Even modern atonal composer, Luciano Berio, studied Fenaroli partimenti exercises in his youth. Fedele Fenaroli was a famous Neapolitan teacher who's collection of partimenti were widely sold throughout Europe.


So as you can seen, the Italian connection was extensive and far more prevalent than musicologists realized in recent years.


If all this information intrigues you, I invite you to listen to the following 7 interviews with the most influential people in this exciting movement, known as partimento, from the Nikhil Hogan Show.

One of the main people in this revolutionary movement is the great scholar Professor Giorgio Sanguinetti who released the excellent monograph on the subject, "The Art of Partimento", released in 2012.

Another very important figure in the movement is Professor Peter van Tour, who's dissertation became a book, "Counterpoint and Partimento", takes a really close look at how the students of Naples studied written counterpoint.

Professor Marco Pollaci gives great insights into Opera of the 19th century, and how the Partimento tradition influenced the course of Opera past after Galant ("Classical") era. He also runs the Facebook Group, "The Art of Partimento".

Superstar teacher Tobias Cramm is definitely worth listening to because of the amazing students he has taught such as the famous prodigy, Alma Deutscher. His students receive a rigorous training in Partimento and Galant Schema, and the products are amazing!

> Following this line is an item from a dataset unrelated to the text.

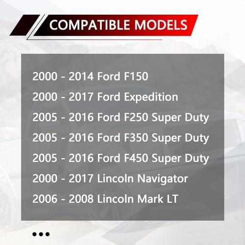 2000-2014 Ford F1502000-2017 Ford Expedition2005-2016 Ford F250 Super Duty2005-2016 Ford F350 Super Duty2005-2016 Ford F450 Super Duty2000-2017 Lincoln Navigator2006-2008 Lincoln Mark LT

Professor John Mortensen is a wonderful improviser and eloquent teacher. A master at improvising fugues and the partimento tradition, Professor Mortensen has done much for the movement, exposing many people to it and is releasing an exciting book with Oxford University Press, "The Pianist’s Guide to Classical Improvisation".

Finally, Dr. Johnandrew Slominski is a widely admired improviser and teacher.

Many more great partimento-specific guests will be coming onto the Nikhil Hogan Show in the future so subscribe for more interviews!

In many ways, partimento is very similar to learning music like a jazz musician. The parallels are very fascinating and here at Songbird we want to connect the old working traditions with newer styles. Ultimately, we want our students to compose and improvise music in all styles, not just classical music. Partimento helps explain why many of the great classical composers were often very good improvisers and so individual in their creativity.